Originally Posted by *Crazy9000* 
Wow 20 tons is alot of carbon. Is this estimate based off the energy useage of the servers?

The 20 tonnes come from servers/other powered infrastructure hardware + travel.


----------



## CyberDruid

Very nice! I think this should be a Sticky!

Payment sent!


----------



## Crazy9000

Quote:


Originally Posted by *highwhey* 
I thought Admin was going to say he like playing NFS Carbon on the OCN server. Anyways, nice, I'm selling some stuff so I'll contribute.

Haha I knew it, thats why the servers were going slow awile back. Admin hooked up 60 LCD monitors and used all OCN servers as a big cluster to play :shock:.


----------



## iampoor

I thought this was a CD thread....










Good job


----------



## Krunk_Kracker

Quote:



Originally Posted by *admin*


Did you know that Overclock.net produces an estimated 20 tonnes of carbon each year by running our servers and conducting other Overclock.net business?

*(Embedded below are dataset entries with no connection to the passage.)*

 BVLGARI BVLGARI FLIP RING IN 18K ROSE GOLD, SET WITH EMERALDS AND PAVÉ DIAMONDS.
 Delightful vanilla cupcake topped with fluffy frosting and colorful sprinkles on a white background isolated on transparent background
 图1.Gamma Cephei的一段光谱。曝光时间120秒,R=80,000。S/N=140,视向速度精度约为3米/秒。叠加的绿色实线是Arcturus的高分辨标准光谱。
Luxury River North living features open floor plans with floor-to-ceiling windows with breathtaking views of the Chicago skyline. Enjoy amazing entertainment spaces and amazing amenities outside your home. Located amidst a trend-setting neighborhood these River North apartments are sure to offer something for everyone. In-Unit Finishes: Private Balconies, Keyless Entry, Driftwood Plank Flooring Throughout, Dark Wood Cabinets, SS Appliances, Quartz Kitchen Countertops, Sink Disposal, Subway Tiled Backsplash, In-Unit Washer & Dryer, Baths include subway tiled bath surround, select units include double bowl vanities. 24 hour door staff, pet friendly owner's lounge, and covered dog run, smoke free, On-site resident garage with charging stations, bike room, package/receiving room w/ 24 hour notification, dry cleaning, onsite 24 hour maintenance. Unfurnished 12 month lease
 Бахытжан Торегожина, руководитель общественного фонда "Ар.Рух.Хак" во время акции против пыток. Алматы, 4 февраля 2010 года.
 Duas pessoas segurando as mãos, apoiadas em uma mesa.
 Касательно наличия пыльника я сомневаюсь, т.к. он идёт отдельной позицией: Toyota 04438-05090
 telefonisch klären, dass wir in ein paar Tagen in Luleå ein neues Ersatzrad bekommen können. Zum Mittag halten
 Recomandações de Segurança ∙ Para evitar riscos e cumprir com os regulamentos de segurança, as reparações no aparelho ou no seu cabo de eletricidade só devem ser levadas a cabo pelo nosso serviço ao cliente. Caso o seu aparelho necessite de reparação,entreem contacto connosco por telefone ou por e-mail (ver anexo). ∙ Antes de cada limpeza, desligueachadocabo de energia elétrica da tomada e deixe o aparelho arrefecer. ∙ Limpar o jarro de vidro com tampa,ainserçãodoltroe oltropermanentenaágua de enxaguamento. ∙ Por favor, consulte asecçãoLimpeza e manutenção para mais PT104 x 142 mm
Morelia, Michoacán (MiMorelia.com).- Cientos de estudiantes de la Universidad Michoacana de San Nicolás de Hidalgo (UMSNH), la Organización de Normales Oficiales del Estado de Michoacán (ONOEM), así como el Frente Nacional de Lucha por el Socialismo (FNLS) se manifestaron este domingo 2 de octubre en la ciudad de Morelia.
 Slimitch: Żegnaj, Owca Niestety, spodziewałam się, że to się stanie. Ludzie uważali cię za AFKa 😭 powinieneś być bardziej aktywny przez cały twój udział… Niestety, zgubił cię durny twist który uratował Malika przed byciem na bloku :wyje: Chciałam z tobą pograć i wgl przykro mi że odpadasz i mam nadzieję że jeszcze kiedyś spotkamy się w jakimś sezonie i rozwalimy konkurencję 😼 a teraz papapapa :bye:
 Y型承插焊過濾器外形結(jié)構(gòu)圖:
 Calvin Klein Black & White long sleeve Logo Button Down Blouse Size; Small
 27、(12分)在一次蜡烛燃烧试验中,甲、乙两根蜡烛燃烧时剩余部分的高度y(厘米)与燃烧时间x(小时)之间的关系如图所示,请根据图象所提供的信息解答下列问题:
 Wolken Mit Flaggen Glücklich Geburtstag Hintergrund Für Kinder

In order to offset this, Overclock.net actively donates to carbon offsetting projects such as NativeEnergy & TerraPass who fund projects that help make our world a cleaner and better place.

Want to contribute? Please send a PayPal payment to [email protected] with "Carbon Offsetting" in the message and we will pool the funds on your behalf *OR visit a site like this for more info on how you can contribute directly.*

*admin*


A good link for those who would rather donate directly, very nice


----------



## admin

Thanks CyberDruid!

We do not care if you contribute to these projects directly or would like to pool your donations together with other Overclock.net members.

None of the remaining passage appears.